Work item: Set down, unchanged, the line holding "Another option is" and all lines that follow it to the end of the material, leaving pictures out.

Source data:

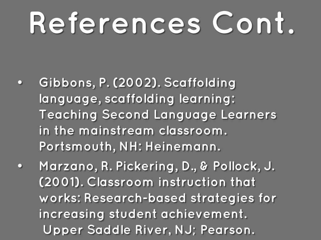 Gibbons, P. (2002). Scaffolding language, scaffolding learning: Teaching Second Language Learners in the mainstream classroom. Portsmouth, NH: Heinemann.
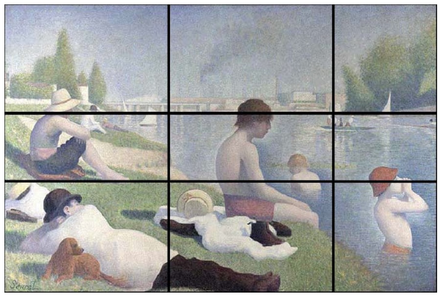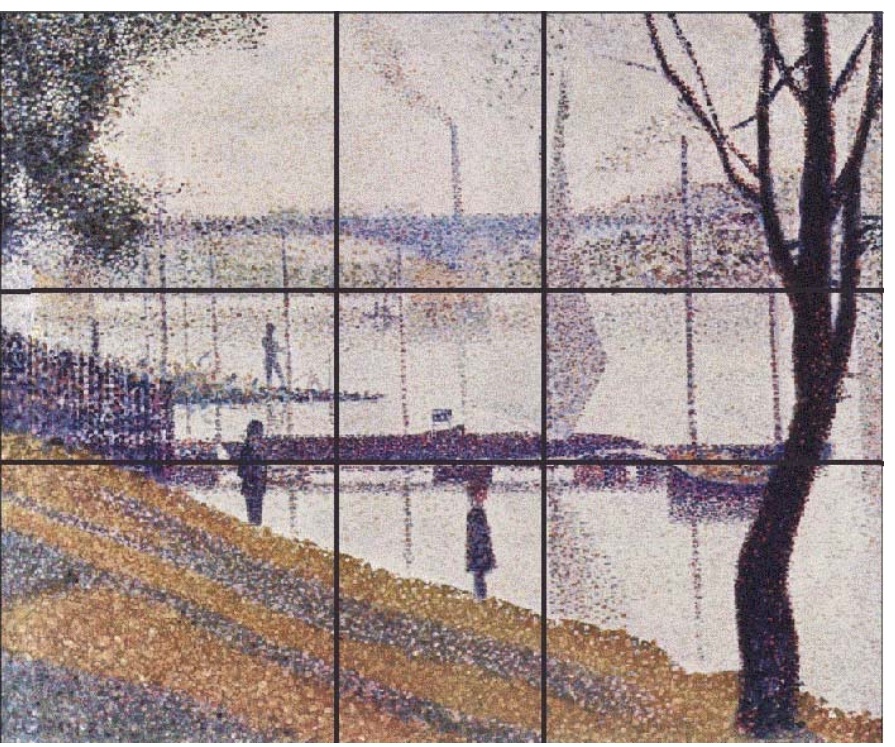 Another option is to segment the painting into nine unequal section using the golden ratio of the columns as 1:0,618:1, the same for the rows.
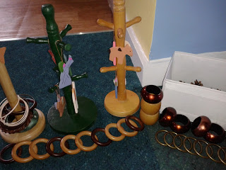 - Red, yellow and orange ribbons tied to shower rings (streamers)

Result for this exercise:
 Another option is to segment the painting into nine unequal section using the golden ratio of the columns as 1:0,618:1, the same for the rows.
 - Red, yellow and orange ribbons tied to shower rings (streamers)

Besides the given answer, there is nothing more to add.